Saudi Arabia has increasingly become a liability for the United States. Our enabling of their reckless behavior has been a disaster for Yemen and the rest of the region, and Mohammed bin Salman has been the driving force behind that behavior. The crown prince’s crimes aren’t limited to ordering the murder of one prominent critic, but the backlash to that killing has created a political opening in Washington to penalize him for that crime and all the others he has committed since first entering government in 2015. Instead of using that opening to put significant pressure on Riyadh, Biden seems content with making a few symbolic gestures and leaving it at that.

The Biden administration also seems to be letting its concern for regional clients’ preferences get in the way of salvaging the nuclear deal with Iran. It is common knowledge that Israel and Saudi Arabia do not want the U.S. to rejoin the agreement. The disturbing thing is that the Biden administration seems to be trying to placate them before taking any meaningful action to fulfill U.S. commitments. News reports have been full of references to the Biden administration’s efforts to “assuage” the Israeli government’s concerns, as if a government led by Netanyahu will ever be satisfied by anything besides relentless hostility towards Iran. Biden’s long history of supporting the U.S.-Israel relationship should make it easier for him to break with Israel on this issue, but in practice it has meant that he and his officials have been more attentive to their bad faith complaints.

Leverage that is never used is no longer really leverage. The U.S. could withhold all military assistance and weapons from these clients to pressure them into making different policy choices more in line with U.S. interests, but there is tremendous resistance in Washington even to threatening to do this because of the fear that the U.S. will then lose influence. The client governments can see how this works and they have learned how to influence the debate in Washington to their advantage by encouraging this fear among American leaders. The new fad of framing every issue as part of “great power competition” has made it even easier for clients to frighten American leaders into giving them whatever they want. All that they need to do to get most American critics to quiet down is intimate that they might move closer to Russia or China, no matter how unrealistic that might be.

One of the consequences of this upside-down dynamic is that the client governments have an enormous sense of entitlement that U.S. policies are supposed to serve their interests, and they react furiously when their preferences are opposed.
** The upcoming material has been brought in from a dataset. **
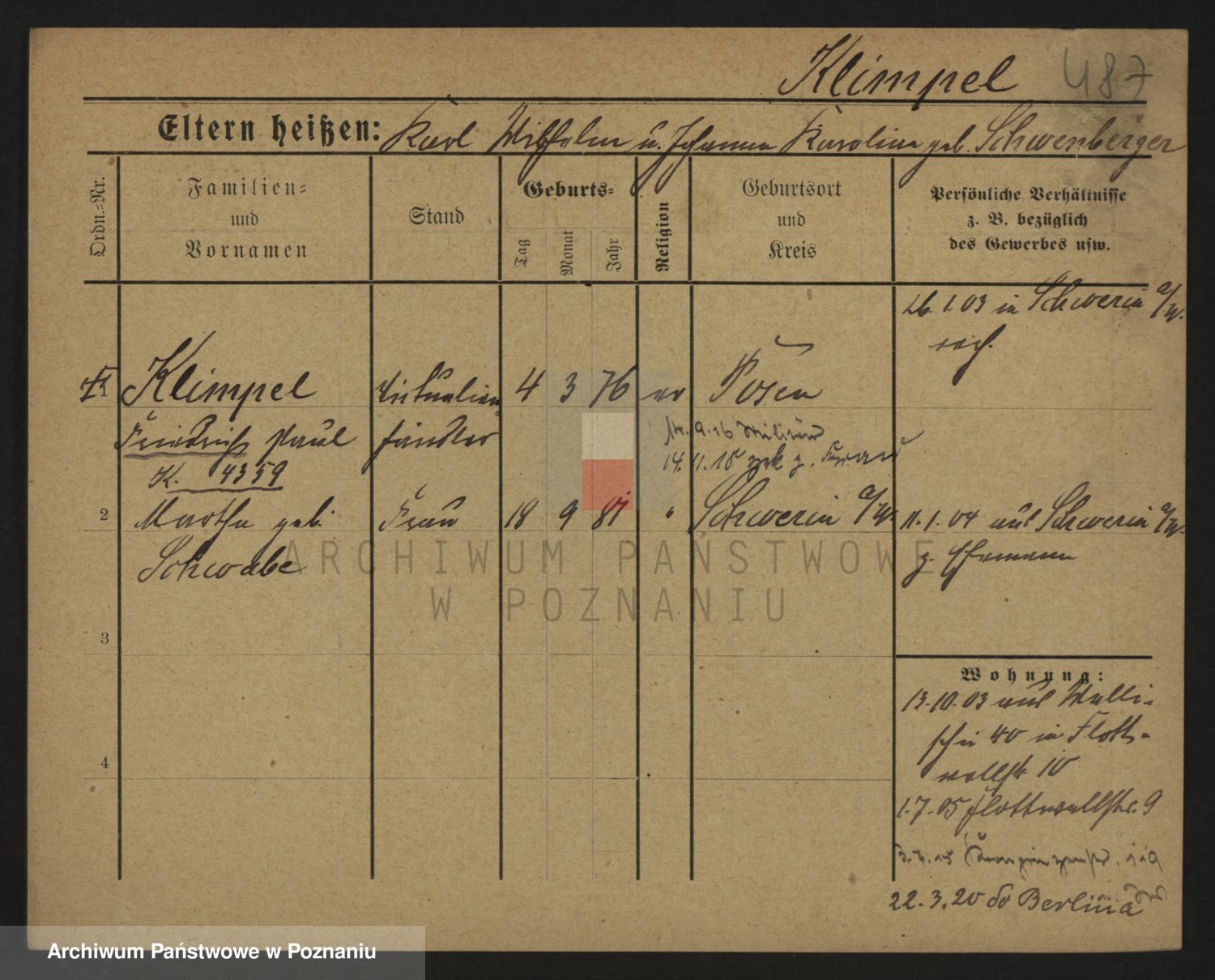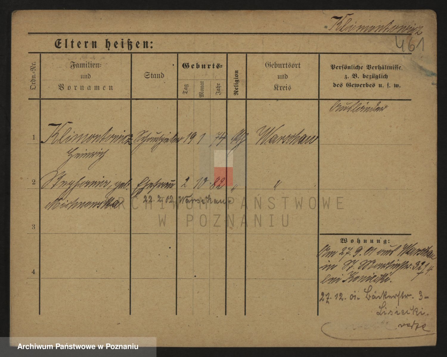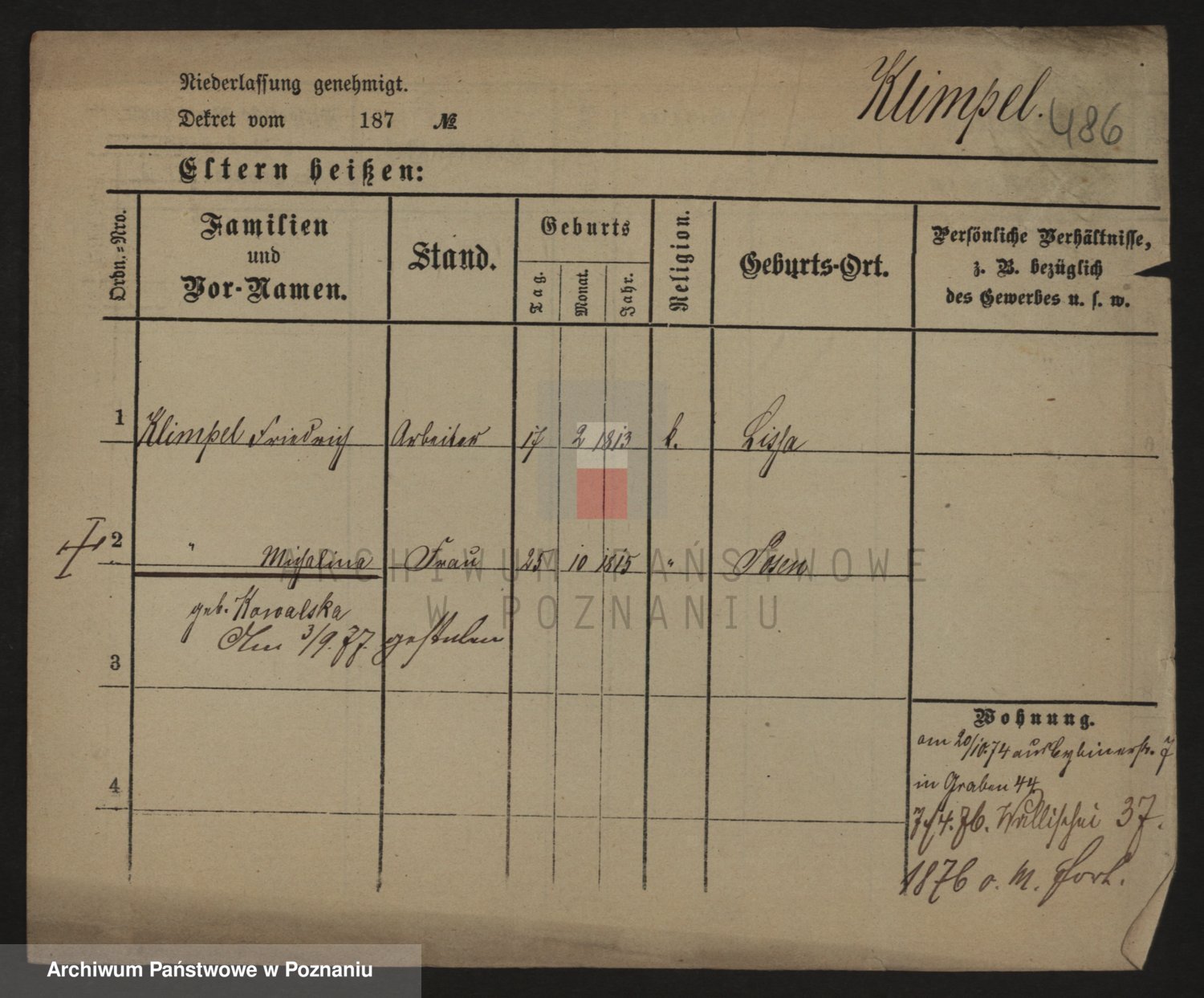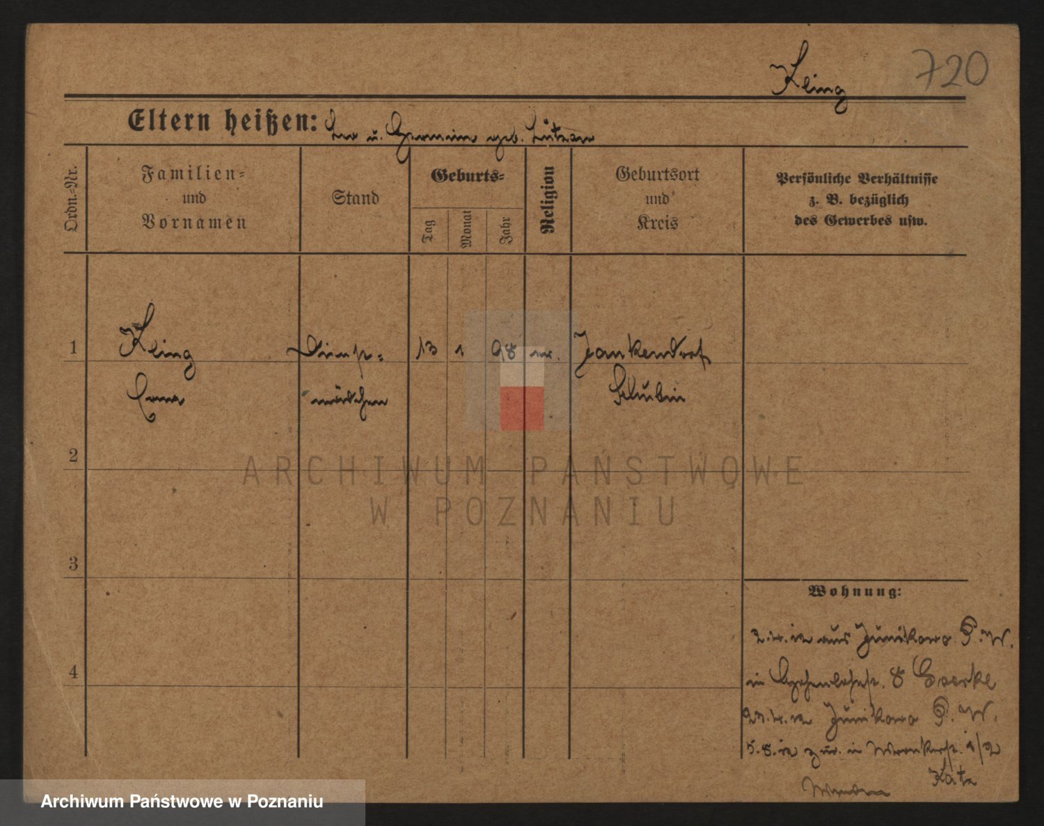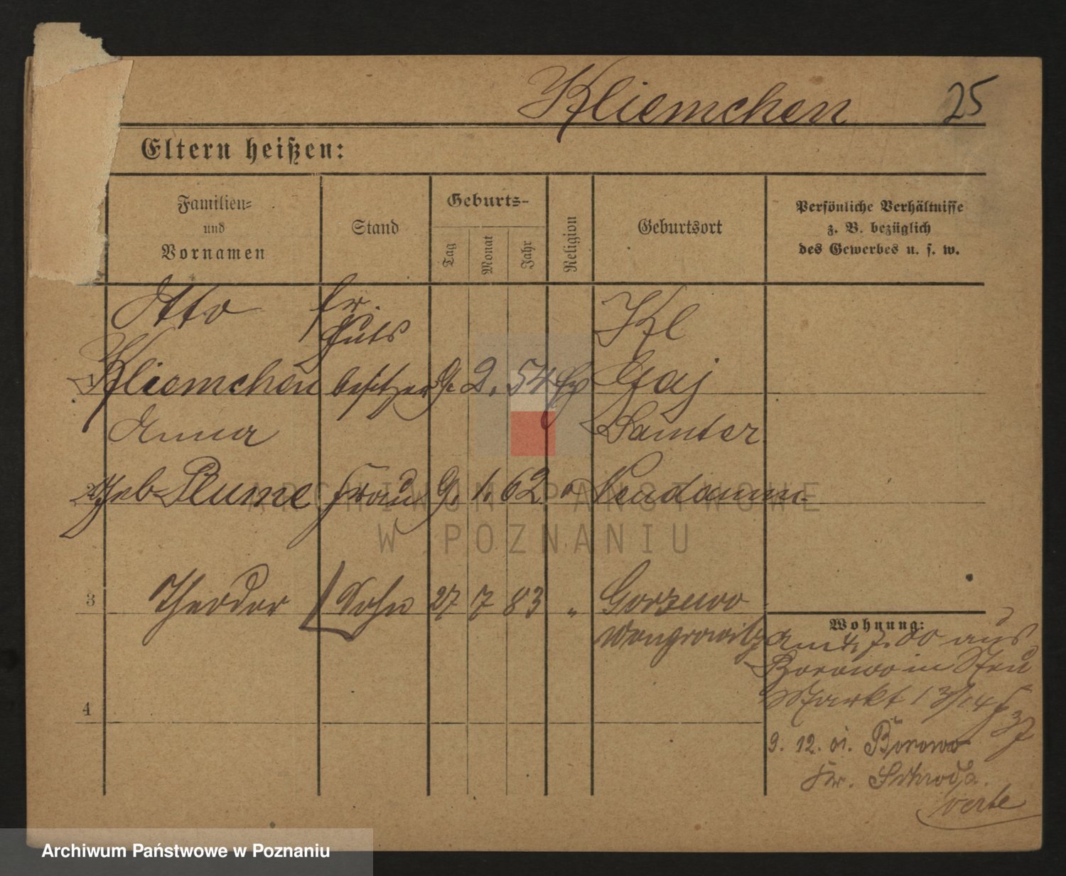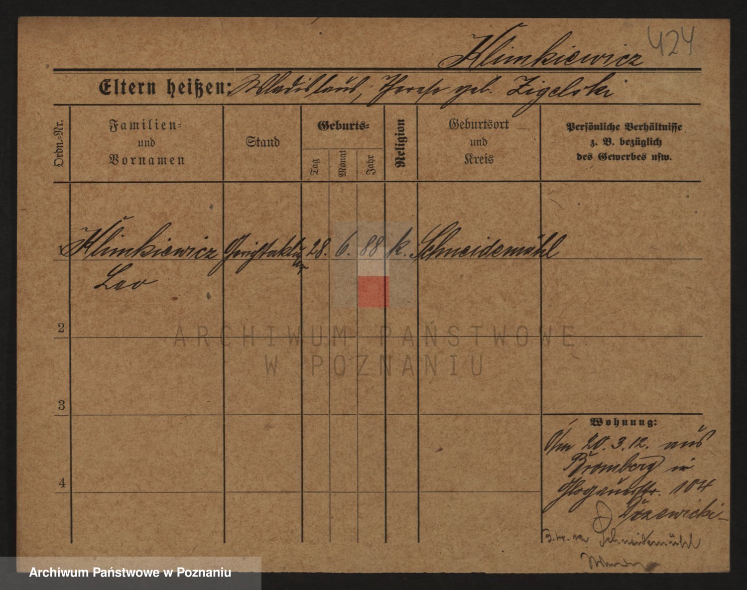 Podgląd karty osobowej dostępny jest po kliknięciu na nazwisko lub ikonkę karty. Można dokonywać powiększenia (ikony na górze) lub przechodzić między kolejnymi skanami (strzałki po bokach).

The Intercept reported recently that the UAE ambassador to the United States, Yousef al Otaiba, shouted at Democratic Rep. Ro Khanna over the latter’s efforts to organize congressional opposition to U.S. support for the war on Yemen:

“I was just taken away,” Khanna said. “It led me to think that there’s a real arrogance, a real sense of entitlement, a sense that he thought himself so powerful that he could act that way. And I’ve never really seen that before.”

For the record, the ambassador denies Khanna’s account, but I trust Rep. Khanna over the representative of a government that has been credibly accused of war crimes and the torture of detainees. It is easy to believe that an ambassador as influential and plugged-in to the Washington political scene as Otaiba would think that he can get away with berating elected American representatives. He had grown accustomed to his government getting everything it wanted from the U.S., and Khanna’s work on opposing the Saudi coalition’s war was one of the few times that there had been significant resistance.

America’s Middle East clients are not that valuable to us, and our government’s support for them has little or nothing to do with keeping America secure. The U.S. can afford to reduce or end that support when clients behave abhorrently and use the weapons Washington has provided them to commit atrocities. If the U.S. is going to end its militarized role in the region, it needs to start by reassessing and downgrading these client relationships.